4X2
an online poetry journal
Photo by Melissa Hotchkiss
The Goslings, Maine
by Caroline M. Mar
The water calls to my water body. The water
turning aqua-purple, my body diving
deep into Japanese eggplant, my body turning
suddenly nervous at a stroke of jelly green
tendrils along an ankle bone. What is the water?
Breathing, turning, trying to remember
there is nothing here to harm. In the unknown depths
below, sea creatures moving, slow in grey-green
darkness. This water is still as a held breath.
Barely a breeze as I duck back below. I can’t help
but think of purpled mouths opening
like the ray I saw gasping in the fisherman’s hand.
My water-body, ready for the dive,
the rocking tide, waiting for the brush of worry
to subside. Breath catching. How can I be both
of the water and afraid of it?
Let the water hold you. Let it be pleasure
instead of fear, let the green glass break
for your small splash. Breathe, keep breathing—
What part of you feels most true?
Poet's Statement: This poem’s earliest draft was an exercise assigned by Gaby Calvocoressi. I was taking her poetry and watercolor workshop at the Fine Arts Work Center in the summer of 2016, where we spent each day painting as non-painters, making mistakes, and writing. I’d had a long stretch of writer’s block, and being allowed to play with paint let me relax about each poem being “good.” The assignment was to write something that included the colors of a painting exercise we had done, as well as to write toward, then beyond, a previous poem of ours.

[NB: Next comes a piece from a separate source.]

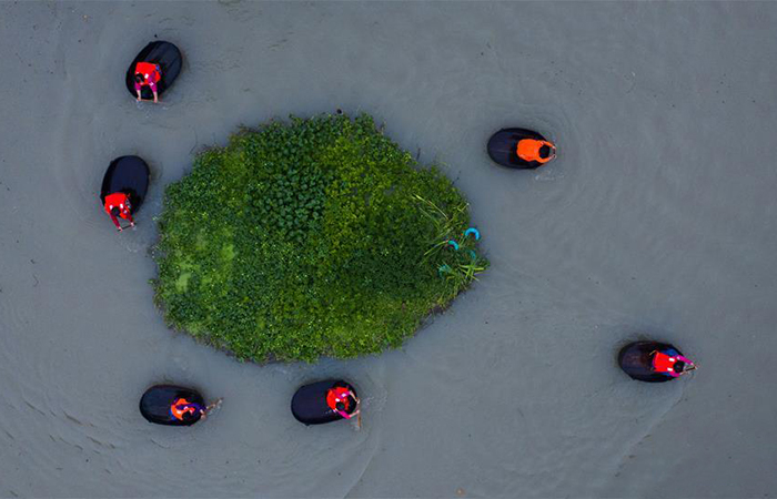 村民們劃著菱桶在水面上你追我趕,同時采收荷花和蓮蓬,呈現出水鄉特有的端午節日氛圍。

The colors in the poem – as well as some painting vocab, it seems – came from the watercolors. My previous poem was “The Ray,” which I’d had published just a few months prior. I don’t remember exactly why I chose it, but it was likely the last poem I’d finished that I still felt good about. I’d also just come from a week visiting my wife’s family in Maine, where we are lucky enough to spend a lot of time on the ocean. I have a deep and lifelong love/awe of the ocean and its secrets, but as a Northern California resident, actually swimming in it is a luxury I am not regularly afforded.
Bio: Caroline Mei-Lin Mar is a high school teacher and poet. A San Francisco native, Carrie is doing her best to keep her post-gentrification hometown queer and creative. She is a graduate of the MFA Program for Writers at Warren Wilson College, an alumna of VONA Voices workshop, and a member of Rabble Collective. Her writing appears or is forthcoming in Cimarron Review, New England Review, CALYX, and Anomaly, among others.